I think one of the first things that stood out about Kelton’s novel is his well-drawn and realistic characters. Charlie Flagg is like that stubborn, tough as nails uncle who is unwilling to bend and give in, but is a person of conviction and principles. He does not want a free handout from the government and sticks to his guns throughout. The other characters were also very well drawn, and I thought that Manuel Flores was one of more interesting characters, as we see a coming of age throughout the novel.
As stated earlier, Kelton’s work is heartfelt and he makes it very personal for the reader, and I think this is why we can readily get invested and care about their stories, particularly when they must deal with devastation and heartbreak in particular moments.
The Time It Never Rained was a powerful read about the struggle and fight to survive despite setback after setback. I’m glad this book was brought to my attention and look forward to more reads from Kelton in the future.

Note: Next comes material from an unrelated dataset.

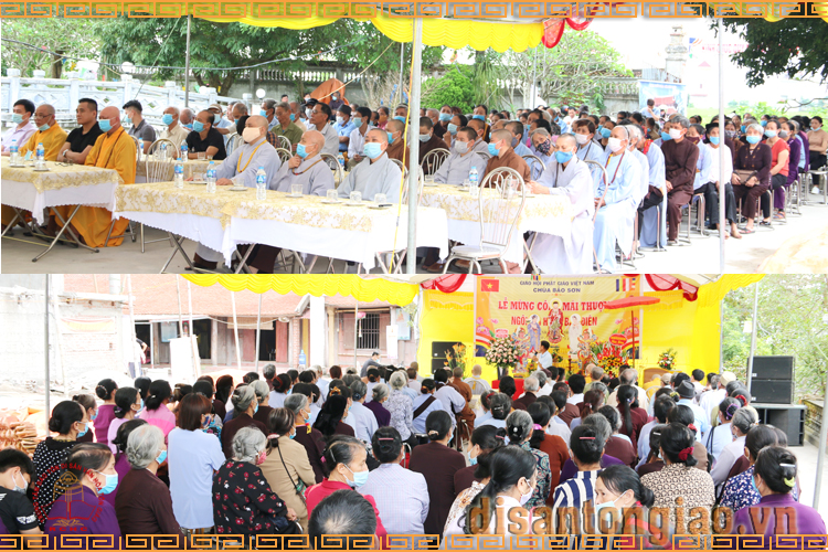 Các chư tôn đức, tăng ni, lãnh đạo các cơ quan cấp tỉnh, cấp huyện và địa phương cùng toàn thể tín đồ và Phật tử nhân dân làng Thủy Nhai đã hoan hỷ quang lâm chứng minh Lễ mừng công mái thượng ngôi Tam Bảo.

Charlie Flagg is a Texas rancher from a bygone era in 1950 when a devastating drought threatens to destroy everything that the farmers and ranchers of Rio Seco and their families and hired hands have worked all of their lives for. Westerns are not my usual thing but when the glowing reviews started coming in and Charlie Flagg was revealed to be one of Kelton’s most memorable characters and a GR friend compared the book to “ Stoner “ a favorite character study of mine, I could not resist. I really LOVED this book which was the August choice for On The Southern Literary Trail club. 5 stars
I read this book at the end of last year, and finished it in only a few days. It was easy to imagine what living through such a dire situation would be like from Elmer Kelton's great descriptive use of words. He also managed to create characters that you cared about. Which, for me, is also important in the enjoyment of a good novel. It's a book that would be good to read again after a while. All in all a great read. Thoroughly recommended.
The Time it Never Rained is only the second Western I’ve ever read—Lonesome Dove being the first, over twenty years ago. The hero, Charles Flagg, is a man of unwavering principles, and he never turns his back on them. This book is difficult to sum up in a short review; it’s thoughtful and richly told.
One passage in particular resonated with me, especially in light of today’s political and cultural climate:
There was a time when we looked up to Uncle Sam; he was something to be proud of and respect. Now he’s turned into some kind of muddle-brained sugar daddy givin’ out goodies right and left in the hopes everybody is going to love him… It’s divided us into little selfish groups, snarlin’ and snappin’ at each other like hungry dogs, grabbin’ for what we can get and to hell with everybody else.
It’s a story that stays with you long after the last page.